From the Journals

Better to binge drink than regularly tipple, suggests GI cancer study

When weekly levels are similar


 

Alcohol use is a known risk factor for gastrointestinal (GI) cancers. Now, new research indicates that this risk is more associated with frequent drinking – even in smaller amounts – compared with higher amounts or binge drinking, given similar weekly levels.

“The novel finding of the current study is that frequent drinking may be more dangerous than binge drinking with regard to GI cancers. Alcohol use is a known risk factor for gastrointestinal (GI) cancers. Now, new research indicates that this risk is more associated with frequent drinking – even in smaller amounts -- compared with higher amounts or binge drinking, given similar weekly levels.” first author Jung Eun Yook, MD, of Seoul (South Korea) National University Hospital, and colleagues reported in an article published Aug. 18, 2021, in JAMA Network Open (doi: 10.1001/jamanetworkopen.2021.20382).

“This finding suggests that repeated alcohol consumption events even at lower amounts of alcohol may have a greater carcinogenic effect on GI organs than the consumption of larger amounts of alcohol at a lower frequency,” the investigators wrote.

A possible reason behind the difference in risk may be that the chronic “carcinogenic insult” from regular alcohol use may promote cancer development, whereas less frequent, episodic alcohol exposures may allow physiologic recovery, said the authors.

The results are from a population-based study that involved 11,737,467 participants in the Korean National Health System database who did not have cancer and who took part in a national screening program between January 2009 and December 2010.

They were followed from the year after their screening until either they had received a diagnosis of a GI cancer, death occurred, or the end of December 2017.

During a median follow-up of 6.4 years, 319,202 (2.7%) of those in the study developed a GI cancer.

The increase in the risk associated with alcohol consumption was dose dependent.

Compared with those who did not consume alcohol, the risk of developing GI cancer was higher for mild drinkers (adjusted hazard ratio, 1.04; 95% confidence interval, 1.03-1.05), moderate drinkers (aHR, 1.14; 95% CI, 1.12-1.15), and heavy drinkers (aHR, 1.28; 95% CI, 1.26-1.29), after adjusting for age, sex, income, smoking status with intensity, regular exercise, body mass index, diabetes, hypertension, and dyslipidemia.

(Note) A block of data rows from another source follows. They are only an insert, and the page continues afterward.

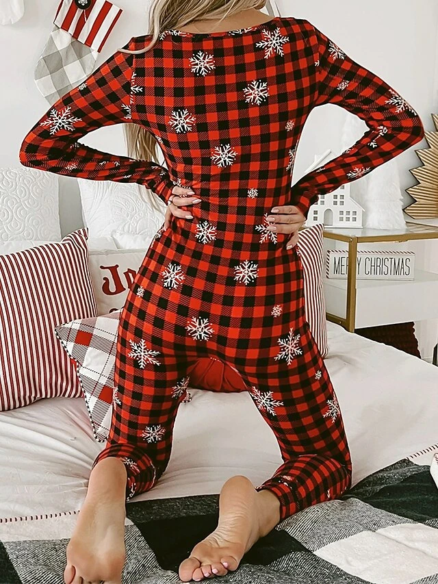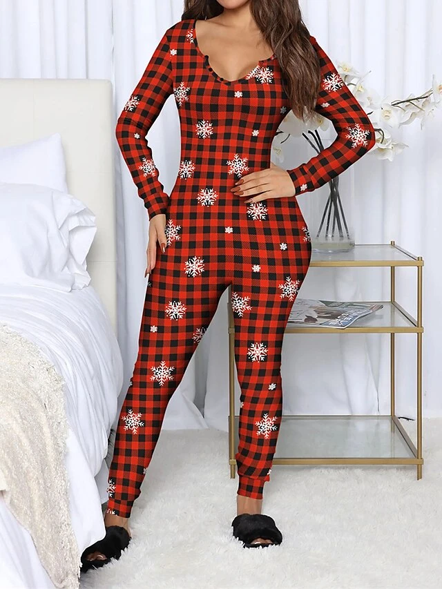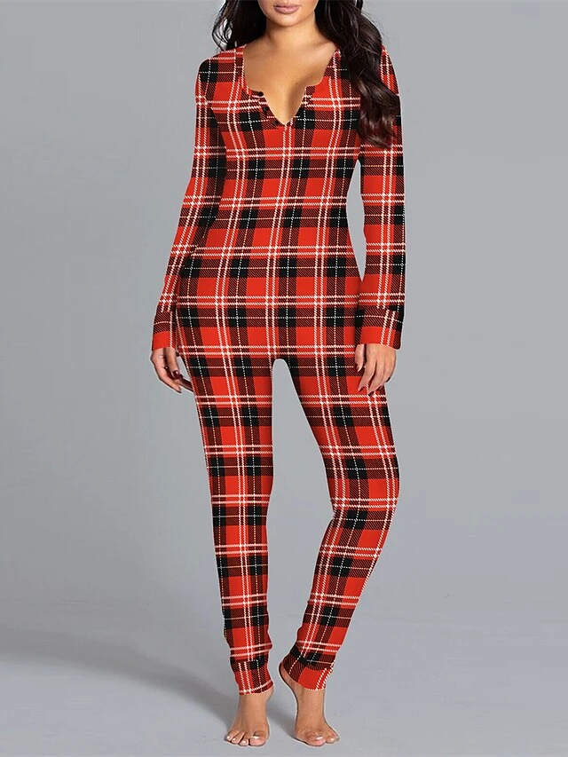 Women’s Jumpsuit Print Plaid V Neck Active Home Christmas Regular Fit Long Sleeve BKAO011 BKAO008 BKAO009 S M L Fall
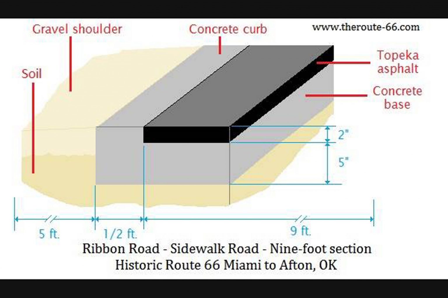 オクラホマ州のマイアマーの町から南にナルシサの町を通りオクラホマ州のアフトン間での間には何箇所か、リボンロード、サイドウォークハイウエーと呼ばれるアスファルトで出来たでリボンのようなデザインの一車線の道です。
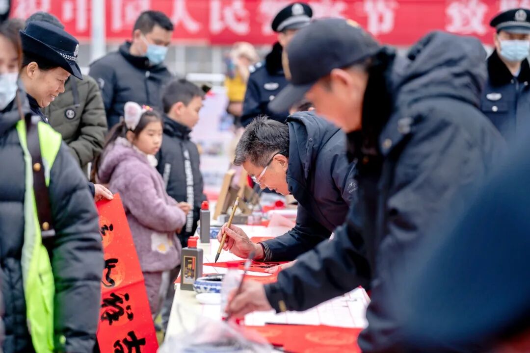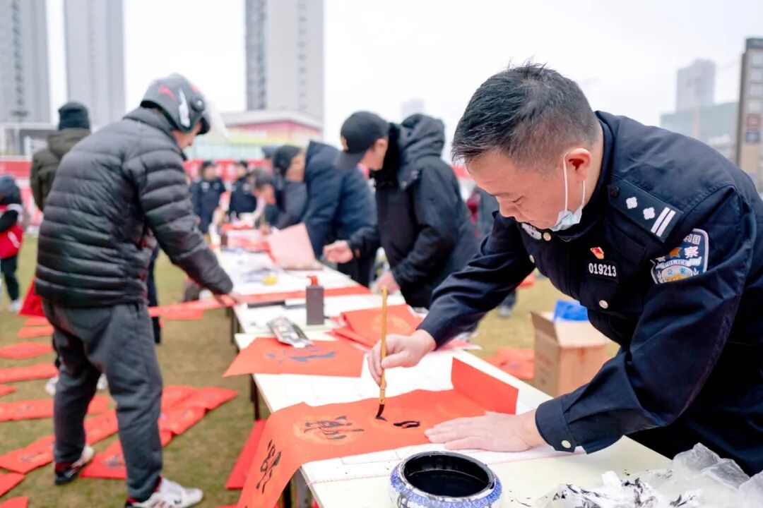 活动的一角,一排排红彤彤的春联纸整齐地悬挂在临时搭建的书法台前,5位来自社区书画社的书法高手与两名洪山警营书法爱好者们挥毫泼墨,笔走龙蛇,一幅幅寓意吉祥的春联瞬间跃然纸上。
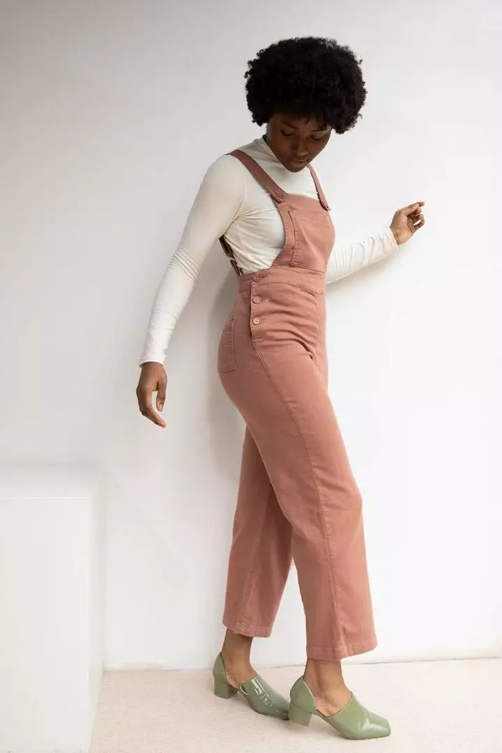The Ariel overalls are luxurious and comfortable in a stretchy soft fabric. They feature a fitted waist with a straight full length inseam, and adjustable straps that can be worn straight or crossed in the back.
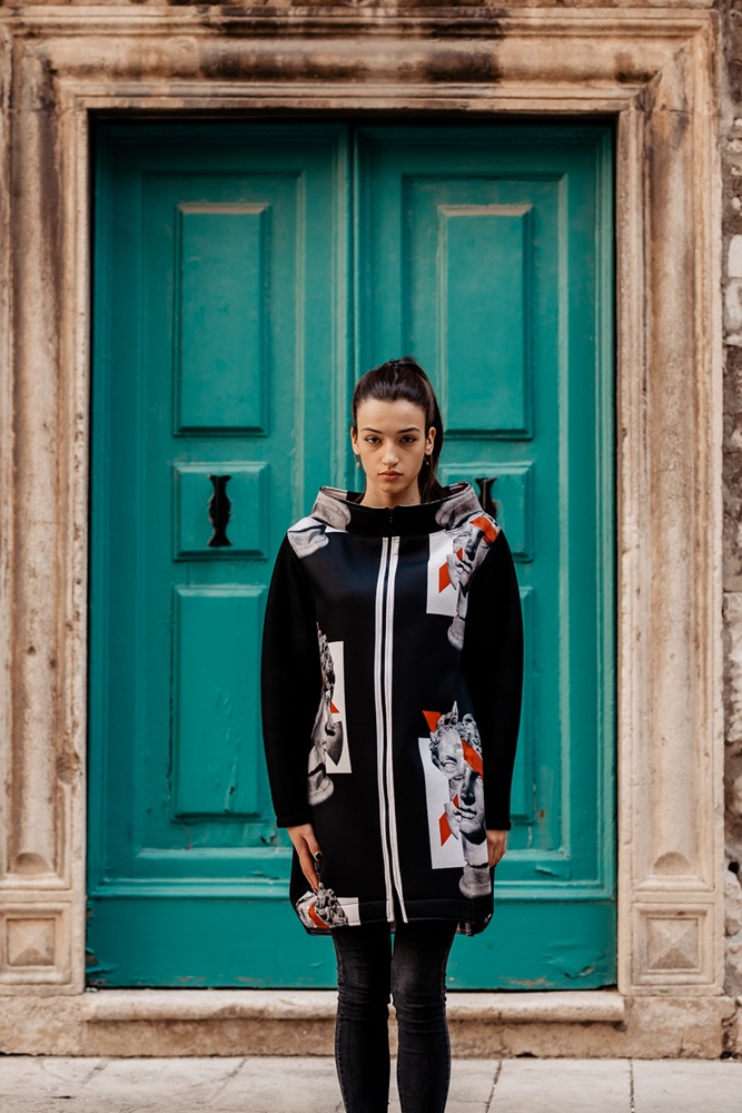 Jedan od najzanimljivijih i najupečatljivijh komada svakako je i kaput Vita – David. Razigran, urban, moderan i pomalo ekscentričan prepoznatljiv je po printu antičkih statua zbog kojih će ovaj kaput skretati pozornost.
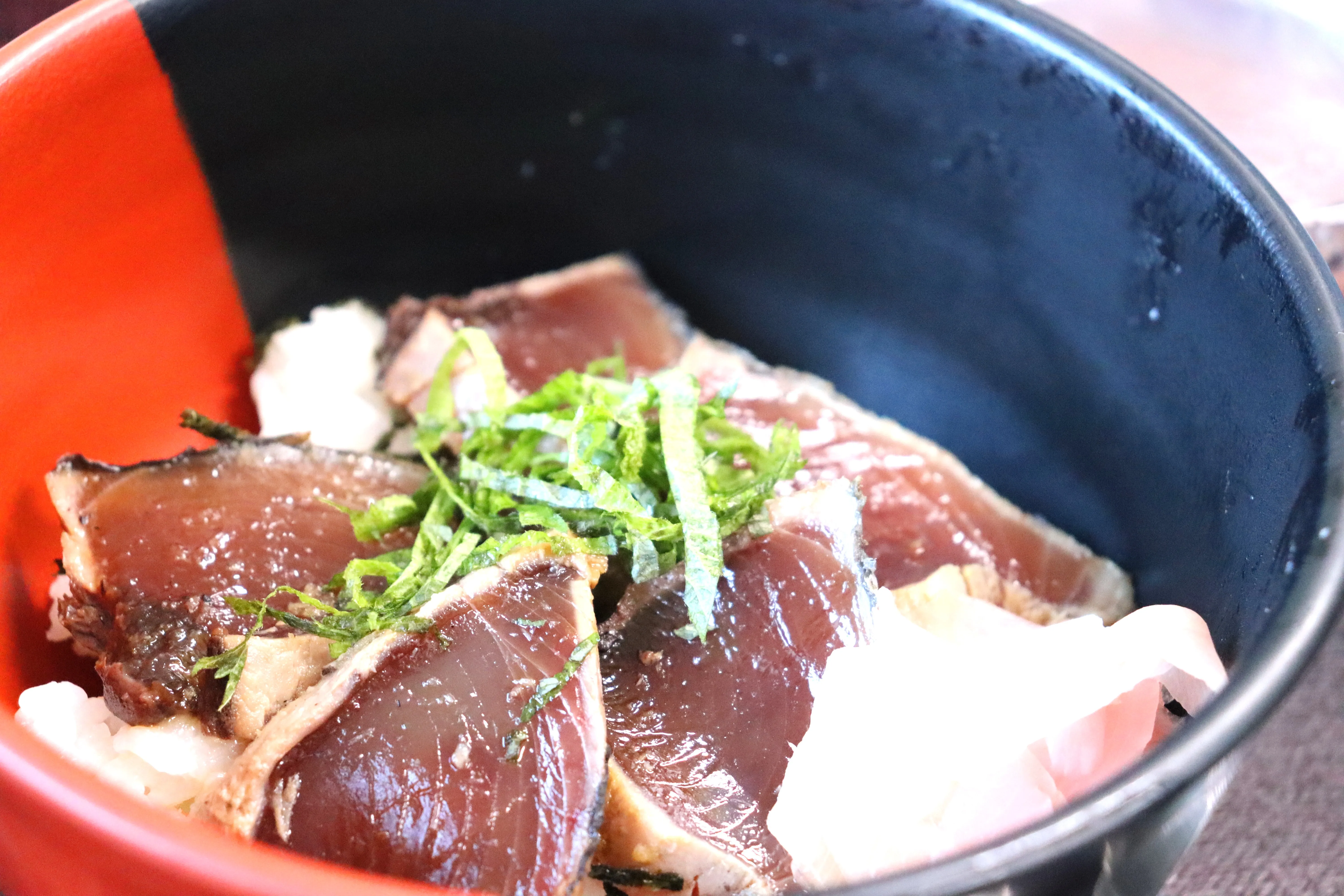 カツオのたたきの海鮮丼です。薬味には、しそを添えており、さわやかな香りが後味をスッキリとさせます。

There was a linear association between the frequency of drinking and GI cancer risk, with an aHR of 1.39 for individuals who reported drinking every day (95% CI, 1.36-1.41). The risk for GI cancer increased with consumption of five to seven units per occasion (aHR, 1.15). Notably, there were no similar increases with higher intake, including intake of 8-14 units per occasion (aHR, 1.11; 95% CI, 1.09-1.12), and even up to more than 14 units per occasion (aHR, 1.11; 95%CI, 1.08-1.14), in comparison with an intake of 5-7 units per occasion.

“Given similar weekly alcohol consumption levels, the risk of GI cancer increased with a higher frequency of drinking and decreased with a higher amount per occasion,” the authors write.

“Most previous studies just assess alcohol consumption as a total amount, [such as] drinks per occasion times occasion per week equals drinks per week [and] grams per week,” coauthor Dong Wook Shin, MD, DrPH, Samsung Medical Center, Sungkyunkwan University, Seoul, South Korea, said in an interview.

“But it was not known whether frequent drinking with small amount is more harmful than binge drinking, given a similar level of total drinking,” Dr. Shin said.

The increased risk associated with frequent drinking was generally similar with respect to esophageal, gastric, colorectal, biliary, and pancreatic cancer.

An exception was liver cancer, which showed a slightly decreased risk among mild drinkers (aHR, 0.91; 95% CI, 0.89-0.93).

Of note, the association between alcohol intake and the incidence of GI cancer was lower among women than men in terms of weekly consumption, frequency, and amount of alcohol consumed per occasion.

The associations between drinking and cancer type in terms of esophageal and liver cancers were similar between men and women. However, the alcohol-related risk for colorectal, biliary, and pancreatic cancers was less prominent for women.